When I run this section, the correct files are being read and printed to the screen but suddenly stops with this error message:

[1] "~/Desktop/Summer 2020/Tropomi/Aerosol Height/S5P_RPRO_L2__AER_LH_20180715T201241_20180715T215609_03908_01_010301_20190530T173144.nc"
[1] "~/Desktop/Summer 2020/Tropomi/Aerosol Height/S5P_RPRO_L2__AER_LH_20180715T215411_20180715T233739_03909_01_010301_20190530T174631.nc"
[1] "~/Desktop/Summer 2020/Tropomi/Aerosol Height/S5P_RPRO_L2__AER_LH_20180715T233541_20180716T011909_03910_01_010301_20190530T175745.nc"
[1] "~/Desktop/Summer 2020/Tropomi/Aerosol Height/S5P_RPRO_L2__AER_LH_20180716T011711_20180716T030038_03911_01_010301_20190530T181100.nc"
[1] "~/Desktop/Summer 2020/Tropomi/Aerosol Height/S5P_RPRO_L2__AER_LH_20180716T213507_20180716T231835_03923_01_010301_20190530T202107.nc"
[1] "~/Desktop/Summer 2020/Tropomi/Aerosol Height/S5P_RPRO_L2__AER_LH_20180716T231637_20180717T010005_03924_01_010301_20190530T203126.nc"
[1] "~/Desktop/Summer 2020/Tropomi/Aerosol Height/S5P_RPRO_L2__AER_LH_20180717T005807_20180717T024134_03925_01_010301_20190530T203847.nc"
[1] "~/Desktop/Summer 2020/Tropomi/Aerosol Height/S5P_RPRO_L2__AER_LH_20180717T211603_20180717T225931_03937_01_010301_20190530T231939.nc"
[1] "~/Desktop/Summer 2020/Tropomi/Aerosol Height/S5P_RPRO_L2__AER_LH_20180717T225733_20180718T004100_03938_01_010301_20190530T233047.nc"
[1] "~/Desktop/Summer 2020/Tropomi/Aerosol Height/S5P_RPRO_L2__AER_LH_20180718T003902_20180718T022230_03939_01_010301_20190530T234019.nc"
Error in R_nc4_open: NetCDF: HDF error
Error in nc_open(fname) : 
  Error in nc_open trying to open file ~/Desktop/Summer 2020/Tropomi/Aerosol Height/S5P_RPRO_L2__AER_LH_20180718T205659_20180718T224026_03951_01_010301_20190531T015417.nc

I have opened the file highlighted by the error message outside of the loop so I don't believe the file is corrupt. Does anyone know why this is happening? Thanks in advance!

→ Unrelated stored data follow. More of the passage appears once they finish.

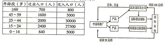 3、单选题 表为2002~2007年我国某特大城市郊区平均人口迁移统计资料,迁入人口以初中学历的外来人口为主。如图为该市某鞋厂同一款旅游鞋产销流程示意图。完成7~8题。
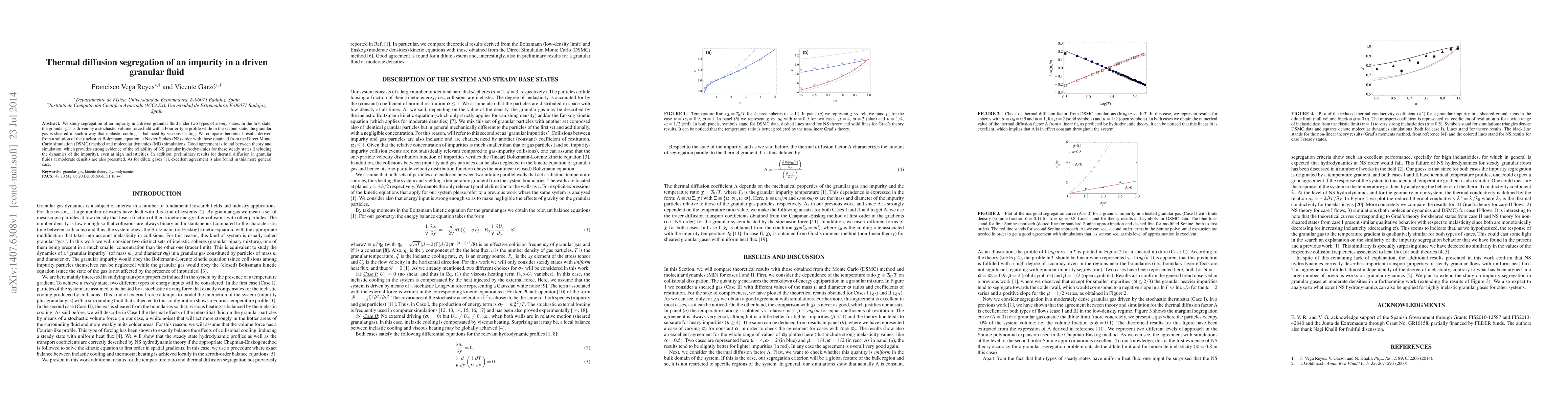 This paper investigates impurity segregation in driven granular fluids under two steady states, comparing theoretical results from the Boltzmann equation to Direct Monte Carlo and molecular dynamics simulations. The study finds strong agreement, supporting the reliability of Navier-Stokes granular hydrodynamics, even at high inelasticities, and presents preliminary results on thermal diffusion in granular fluids.
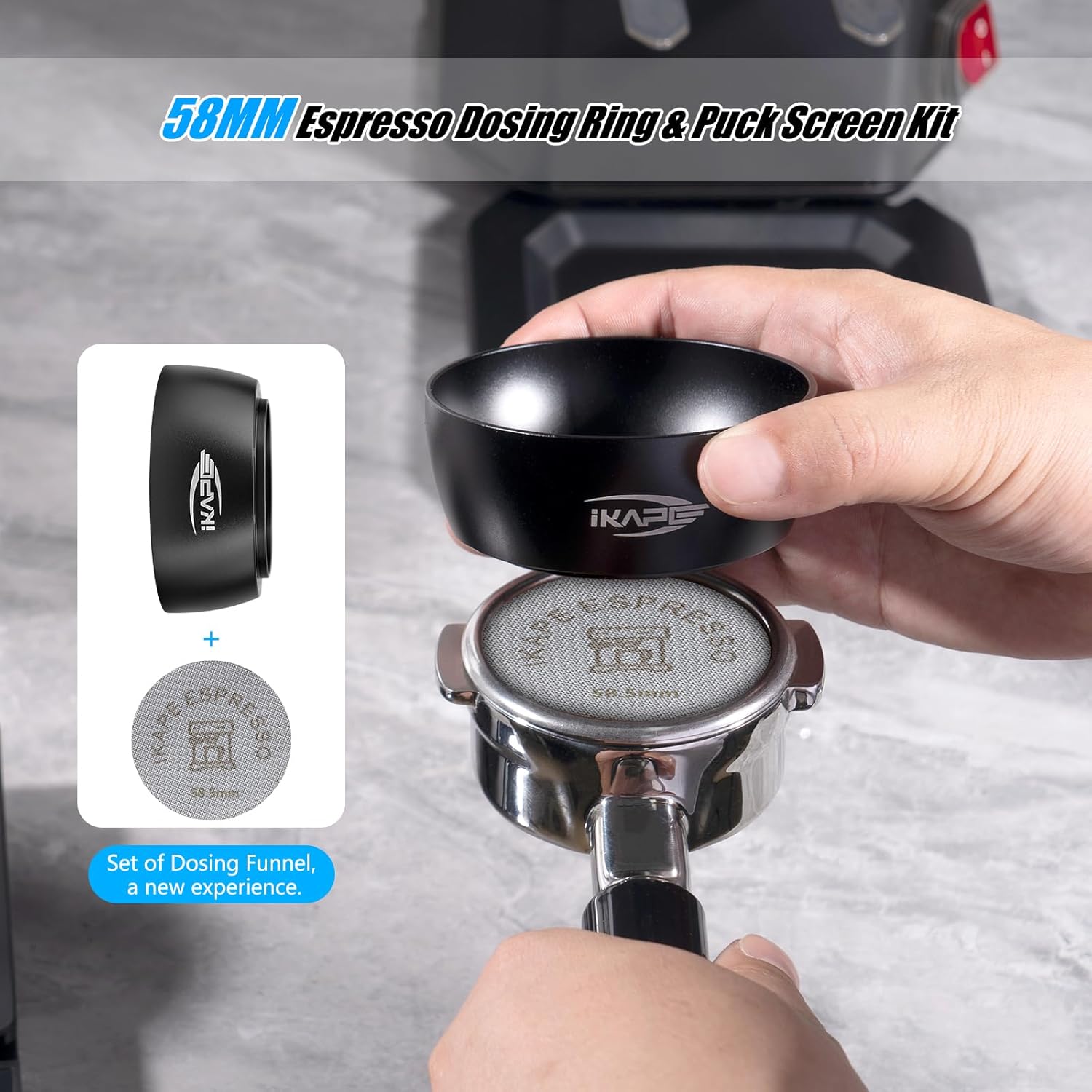- Magnetic Dosing Funnel & Puck Screen Kit - Coming with a dosing funnel 58mm magnetic Dosing ring with ten evenly distributed magnets, with strong adsorption force, can steadily magnetic portafilter basket. In addition, it also comes with a 58.5mm espresso puck screen. Place them on the portafilter basket, and you can make delicious espresso

UPDATE: Using try, I am able to run the loop to completion and print all desired files to the console. The next step for me is read in the files, extract variables, and stack the raster images on top of one another resulting in a single image. Try and TryCatch are not working and my loop breaks as soon as the first error is encountered.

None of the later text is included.